Song by Yeat

from the album 2093
- Released: February 16, 2024
- Genre: Industrial hip-hop; Psychedelic rap;
- Length: 2:52
- Label: Capitol; Field Trip; Lyfestyle Corporation;
- Songwriters: Noah Smith; Javier Mercado; Louis Esposito; Spencer Mott; Joey Fenderson; Gabriel St-Onge; Eric Kjell Jowett;
- Producers: Synthetic; Perdu; Radiate; Fendii; LRBG; Dreamr;

= If We Being Real =

2024 song by Yeat

"If We Being Real" (stylized as "If We Being Rëal") is a song by American rapper Yeat, released on February 16, 2024, from his fourth studio album 2093 (2024). It was produced by Synthetic, Perdu, Radiate, Fendii, LRBG and Dreamr.

==Critical reception==
Reviewing 2093 for HotNewHipHop, Gabriel Bras Nevares cited "If We Being Real" as one of the tracks with "progressive, crunchy, well-structured, and thoroughly immersive beats".

== Virality ==
"If We Being Real" became viral on the social media platform TikTok. A slowed-down version of the song, described by Billboard as "ominous", saw widespread use as the background track in edits (video montages) of various real people and fictional characters, including King Baldwin IV from the film Kingdom of Heaven, Rafe Cameron from the Netflix series Outer Banks, and the basketball player Anthony Edwards.
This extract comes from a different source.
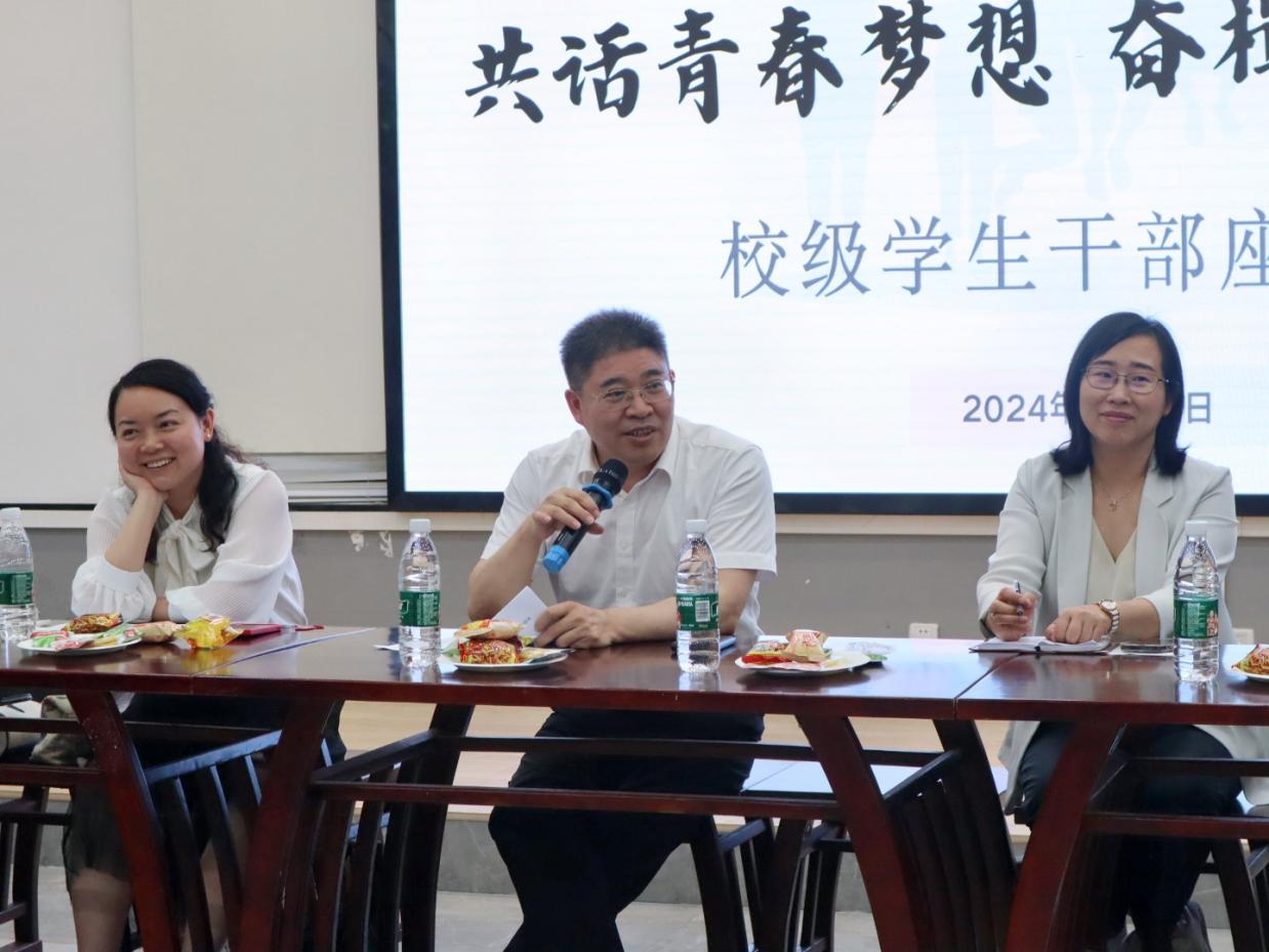 陈曦鼓励同学们畅所欲言,结合思想谈认识、结合岗位谈体会、结合工作谈成长、结合发展谈需求、结合问题谈建议。同学们逐一发言,积极从“学生发展”“创新创业”“就业”“工作”“考研”“学校基础设施建设”等方面,分享各自心得和经验。大家互相探讨、友好交流,现场氛围融洽。

This virality contributed to an increase in streams in the United States: Between March 29 and April 4, 2024, the song received 1.92 million streams, whereas from April 26 to May 2 it exceeded 6 million.

==Charts==

Chart performance for "If We Being Real"
| Chart (2024) | Peak position |
|---|---|
| Canada (Canadian Hot 100) | 57 |
| Global 200 (Billboard) | 175 |
| Lithuania (AGATA) | 63 |
| New Zealand Hot Singles (RMNZ) | 29 |
| US Bubbling Under Hot 100 Singles (Billboard) | 2 |
| US Hot R&B/Hip-Hop Songs (Billboard) | 29 |

==Certifications==

Certifications for "If We Being Real"
| Region | Certification | Certified units/sales |
| Brazil (Pro-Música Brasil) | 2× Platinum | 80,000^{‡} |
| New Zealand (RMNZ) | Gold | 15,000^{‡} |
| Poland (ZPAV) | Gold | 25,000^{‡} |
| United Kingdom (BPI) | Silver | 200,000^{‡} |
| United States (RIAA) | Gold | 500,000^{‡} |
^{‡} Sales+streaming figures based on certification alone.